# berechnung mehrwertsteuer in tabelle



## c_83 (6. Dezember 2007)

hallo, ich möchte in einer tabelle, in der ich ein angebot berechnet habe (netto preise) noch die funktion hinzufügen, die die mehrwertsteuer von 19% aufschlägt.  berechnet werden soll dise immer in der jeweils letzten  zelle einer spalte für die vorletzte zelle (also der darüberstehenden). . der preis ist natürlich variabel, genauso die anzahl der zeilen. leider habe ich nur fragmentarisch etwas gefunden, das das eventuell ermöglichen könnte. da ich noch relativ neu auf diesem gebiet bint, wäre es echt toll, wenn  mimir jemand weiterhelfen könnte. der was ich gefunden habe lautet: [


Preis = 20 'DM
MWST = 15  '%
Rechnung = ProzentAdd(Preis, MWST) 'ergibt 23


wie kann ich das jetzt am besten auf mein problem anwenden?


----------



## ronaldh (6. Dezember 2007)

Ich verstehe nicht, was Du willst, oder was Dein Problem ist.

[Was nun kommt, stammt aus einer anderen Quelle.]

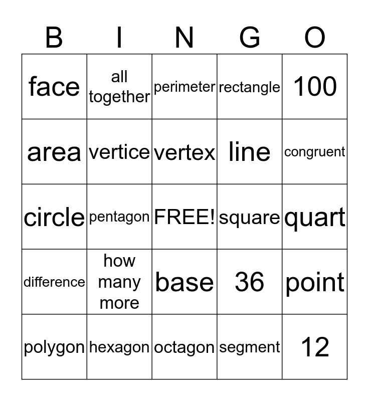 This bingo card has a free space and 28 words: point, ray, line, segment, area, perimeter, all together, difference, square, polygon, circle, rectangle, hexagon, octagon, congruent, in all, how many more, vertice, vertex, base, face, side, 12, pentagon, quart, 36, 100 and 10.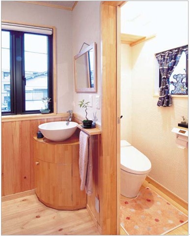 衛(wèi)浴間鋪設(shè)了超防水的木材地板,與所有房間保持一致的日式風(fēng)格體現(xiàn)。小小的衛(wèi)浴間裝飾也是不可馬虎的,擺設(shè)上可愛的小盆栽,也能起到很好的裝飾效果。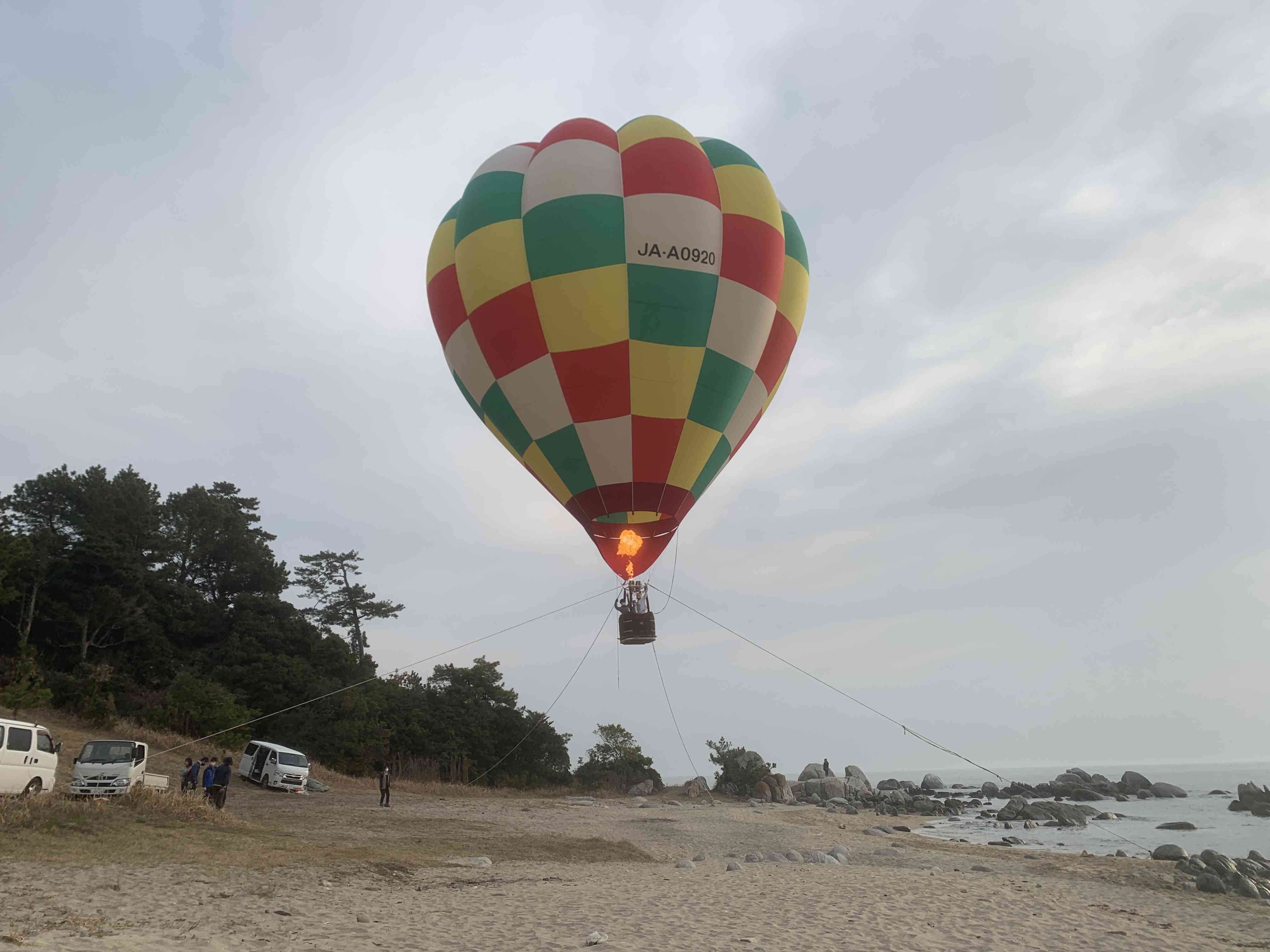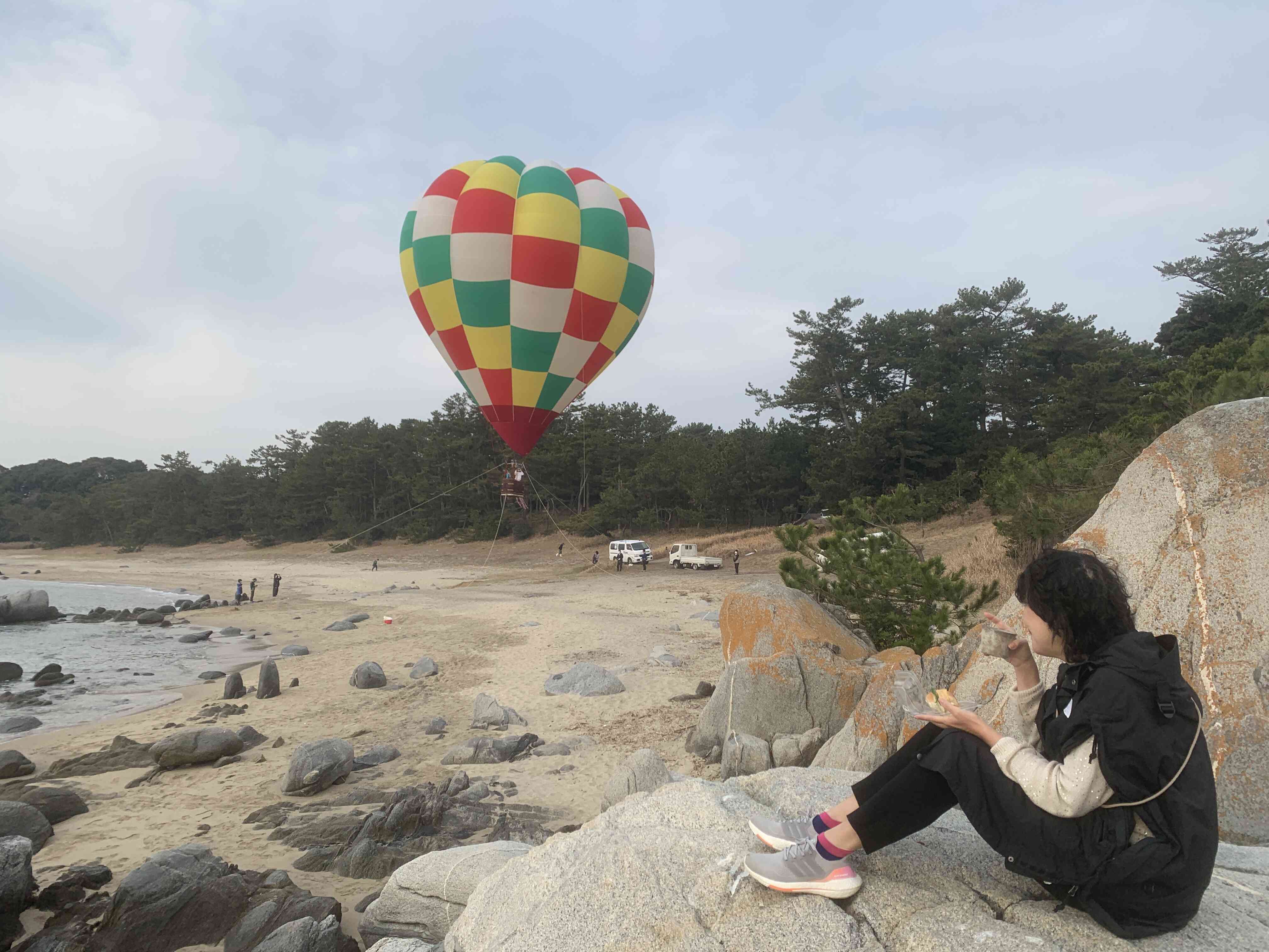 朝焼けに照らされた気球がゆっくり上がったり下がったりする姿は、果てしない自由を感じさせる。気球に乗ったレインボー衣装の人物(レインボー岡山)にうながされ、さらに奥へと進むと、そこにはエプロン姿の島袋とアシスタントの姿。即席のカフェスタンドでは、モーニングとしてコーヒーやたまごサンドやタコ飯が振る舞われる。なんと贅沢な朝だろうか。

Das liegt vielleicht auch daran, dass Du ohne Groß-/Kleinschreibung, Zeichensetzung etwas hingeschrieben hast, was so kaum zu entziffern ist.

rh


----------



## ronaldh (6. Dezember 2007)

Ich verstehe nicht, was Du willst, oder was Dein Problem ist. Das liegt vielleicht auch daran, dass Du ohne Groß-/Kleinschreibung, Zeichensetzung etwas hingeschrieben hast, was so kaum zu entziffern ist.

rh


----------